### Data to use

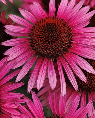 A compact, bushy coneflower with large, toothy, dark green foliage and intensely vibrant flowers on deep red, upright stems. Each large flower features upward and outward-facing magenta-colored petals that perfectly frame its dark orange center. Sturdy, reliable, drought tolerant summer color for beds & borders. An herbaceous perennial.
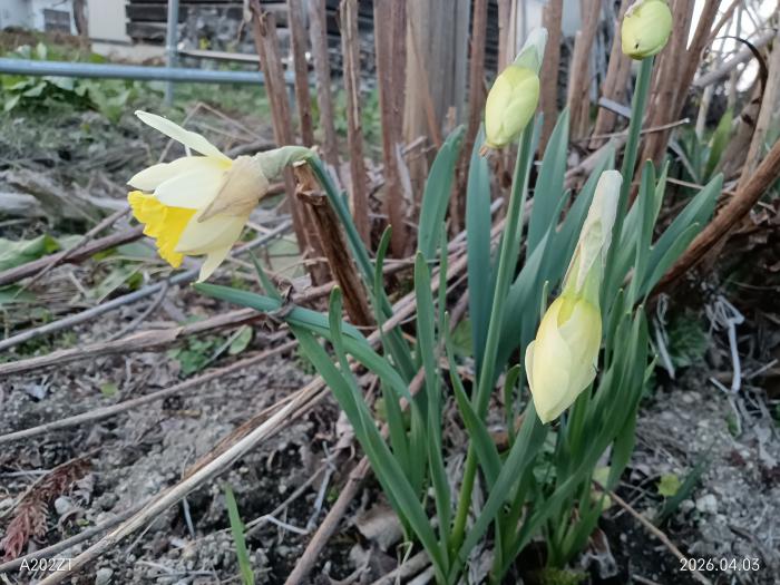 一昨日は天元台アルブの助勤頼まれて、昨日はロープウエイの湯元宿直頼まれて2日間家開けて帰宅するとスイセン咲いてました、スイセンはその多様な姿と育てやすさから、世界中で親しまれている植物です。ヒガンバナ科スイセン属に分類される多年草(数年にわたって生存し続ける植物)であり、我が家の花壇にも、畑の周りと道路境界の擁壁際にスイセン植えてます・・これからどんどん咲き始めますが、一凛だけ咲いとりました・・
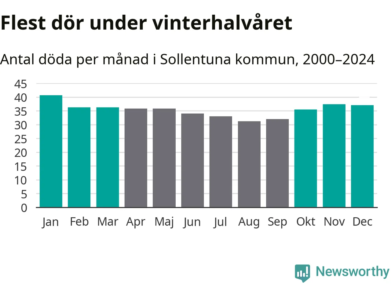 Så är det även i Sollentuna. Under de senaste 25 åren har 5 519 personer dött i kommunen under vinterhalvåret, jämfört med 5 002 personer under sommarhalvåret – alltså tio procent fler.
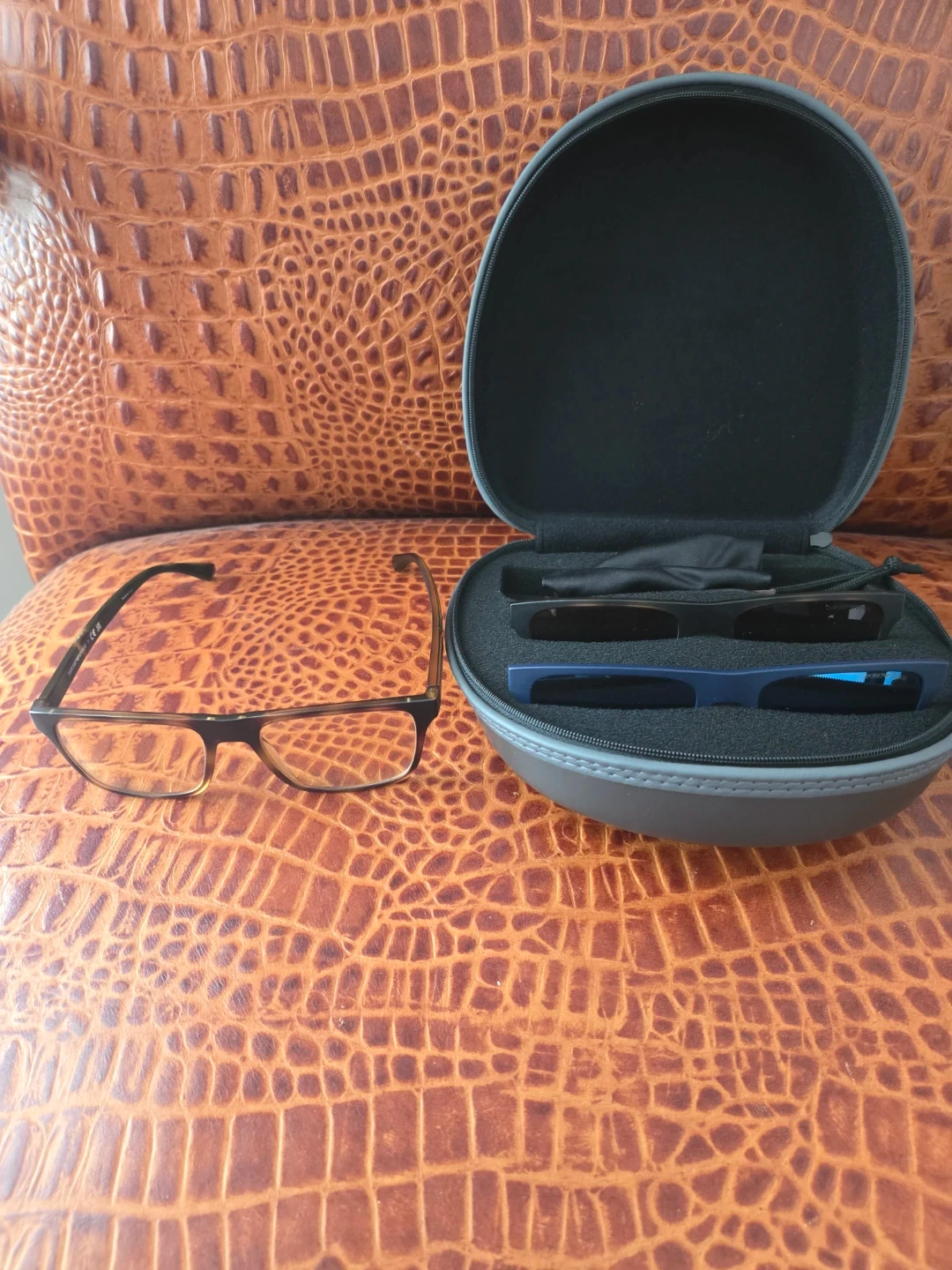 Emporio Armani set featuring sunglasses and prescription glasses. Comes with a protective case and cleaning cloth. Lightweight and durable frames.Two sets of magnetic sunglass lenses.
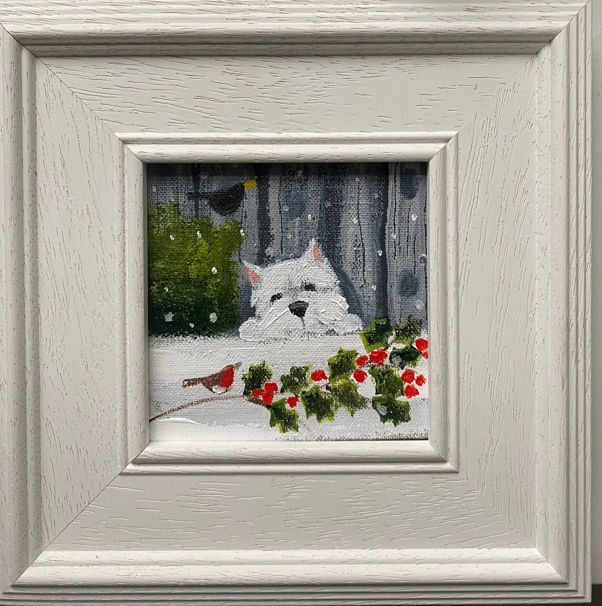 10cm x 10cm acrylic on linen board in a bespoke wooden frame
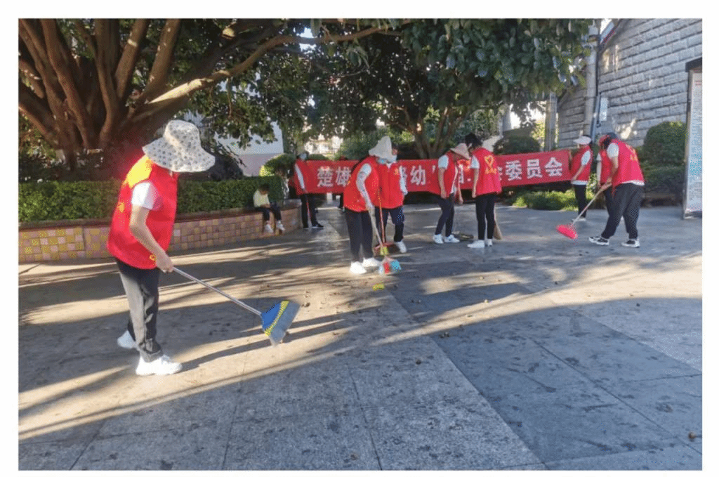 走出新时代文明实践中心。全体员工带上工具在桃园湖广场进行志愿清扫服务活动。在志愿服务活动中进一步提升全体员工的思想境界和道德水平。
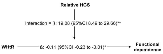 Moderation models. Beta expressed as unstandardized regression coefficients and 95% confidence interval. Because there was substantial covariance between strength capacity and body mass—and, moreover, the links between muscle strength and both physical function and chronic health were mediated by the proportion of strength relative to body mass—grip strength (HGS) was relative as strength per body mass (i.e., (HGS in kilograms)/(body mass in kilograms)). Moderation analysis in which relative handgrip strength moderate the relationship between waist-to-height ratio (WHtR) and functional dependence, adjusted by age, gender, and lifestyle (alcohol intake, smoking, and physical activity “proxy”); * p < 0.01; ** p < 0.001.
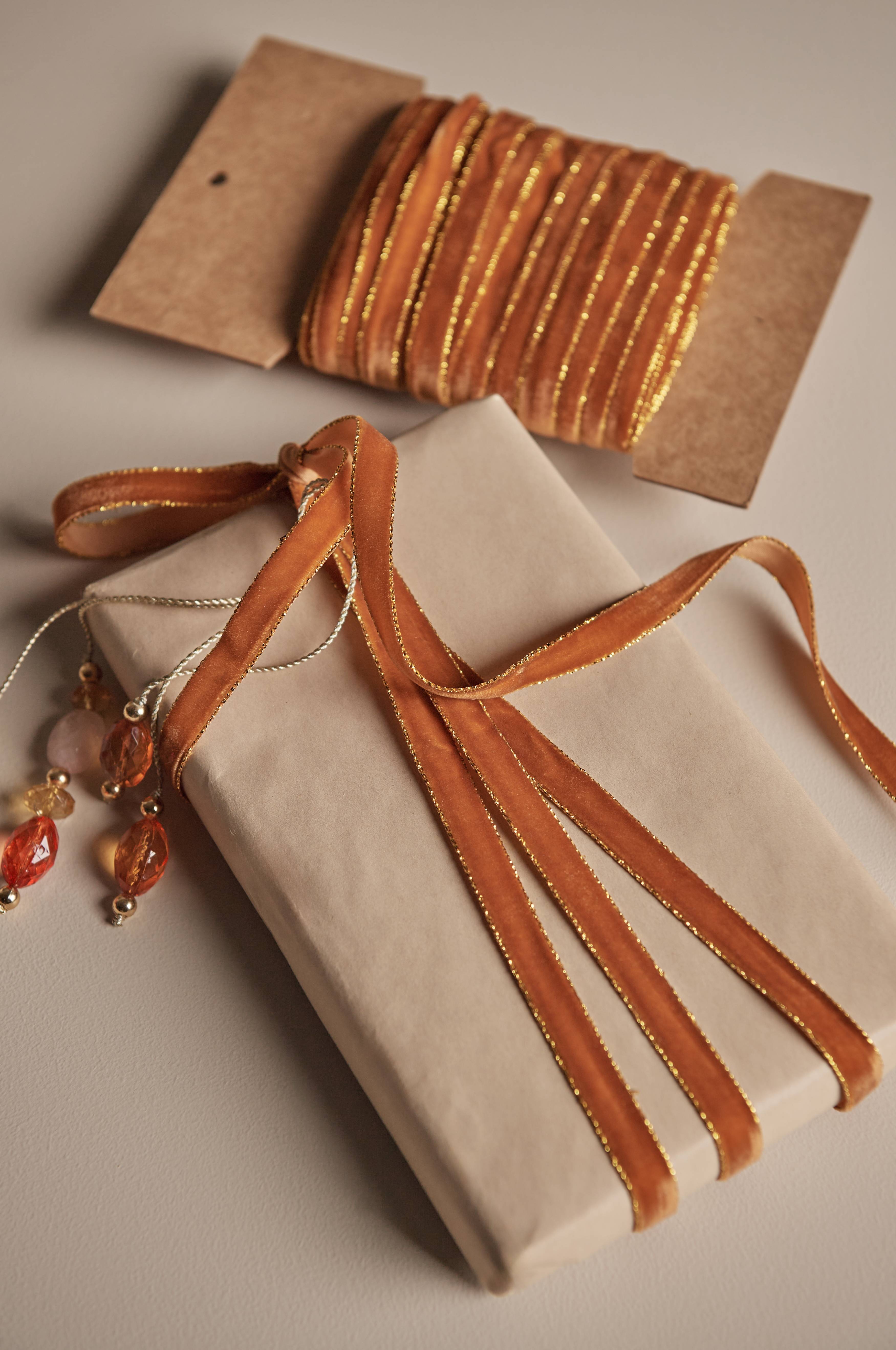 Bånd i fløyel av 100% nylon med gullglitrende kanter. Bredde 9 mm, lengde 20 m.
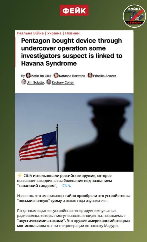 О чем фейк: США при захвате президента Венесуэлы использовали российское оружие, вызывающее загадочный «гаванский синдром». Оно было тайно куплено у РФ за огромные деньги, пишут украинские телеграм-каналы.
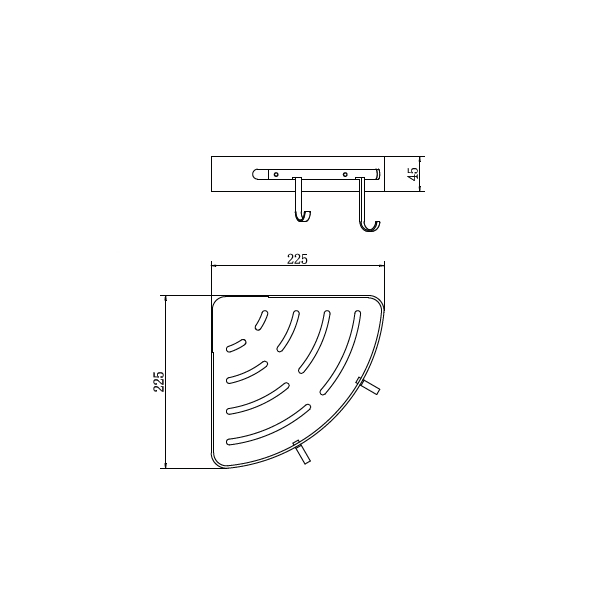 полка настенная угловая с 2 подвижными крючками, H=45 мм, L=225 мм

######

_Prompt_
Keep every word of the records and none of the pictures when you print them again.

_Response area_
 A compact, bushy coneflower with large, toothy, dark green foliage and intensely vibrant flowers on deep red, upright stems. Each large flower features upward and outward-facing magenta-colored petals that perfectly frame its dark orange center. Sturdy, reliable, drought tolerant summer color for beds & borders. An herbaceous perennial.
 一昨日は天元台アルブの助勤頼まれて、昨日はロープウエイの湯元宿直頼まれて2日間家開けて帰宅するとスイセン咲いてました、スイセンはその多様な姿と育てやすさから、世界中で親しまれている植物です。ヒガンバナ科スイセン属に分類される多年草(数年にわたって生存し続ける植物)であり、我が家の花壇にも、畑の周りと道路境界の擁壁際にスイセン植えてます・・これからどんどん咲き始めますが、一凛だけ咲いとりました・・
 Så är det även i Sollentuna. Under de senaste 25 åren har 5 519 personer dött i kommunen under vinterhalvåret, jämfört med 5 002 personer under sommarhalvåret – alltså tio procent fler.
 Emporio Armani set featuring sunglasses and prescription glasses. Comes with a protective case and cleaning cloth. Lightweight and durable frames.Two sets of magnetic sunglass lenses.
 10cm x 10cm acrylic on linen board in a bespoke wooden frame
 走出新时代文明实践中心。全体员工带上工具在桃园湖广场进行志愿清扫服务活动。在志愿服务活动中进一步提升全体员工的思想境界和道德水平。
 Moderation models. Beta expressed as unstandardized regression coefficients and 95% confidence interval. Because there was substantial covariance between strength capacity and body mass—and, moreover, the links between muscle strength and both physical function and chronic health were mediated by the proportion of strength relative to body mass—grip strength (HGS) was relative as strength per body mass (i.e., (HGS in kilograms)/(body mass in kilograms)). Moderation analysis in which relative handgrip strength moderate the relationship between waist-to-height ratio (WHtR) and functional dependence, adjusted by age, gender, and lifestyle (alcohol intake, smoking, and physical activity “proxy”); * p < 0.01; ** p < 0.001.
 Bånd i fløyel av 100% nylon med gullglitrende kanter. Bredde 9 mm, lengde 20 m.
 О чем фейк: США при захвате президента Венесуэлы использовали российское оружие, вызывающее загадочный «гаванский синдром». Оно было тайно куплено у РФ за огромные деньги, пишут украинские телеграм-каналы.
 полка настенная угловая с 2 подвижными крючками, H=45 мм, L=225 мм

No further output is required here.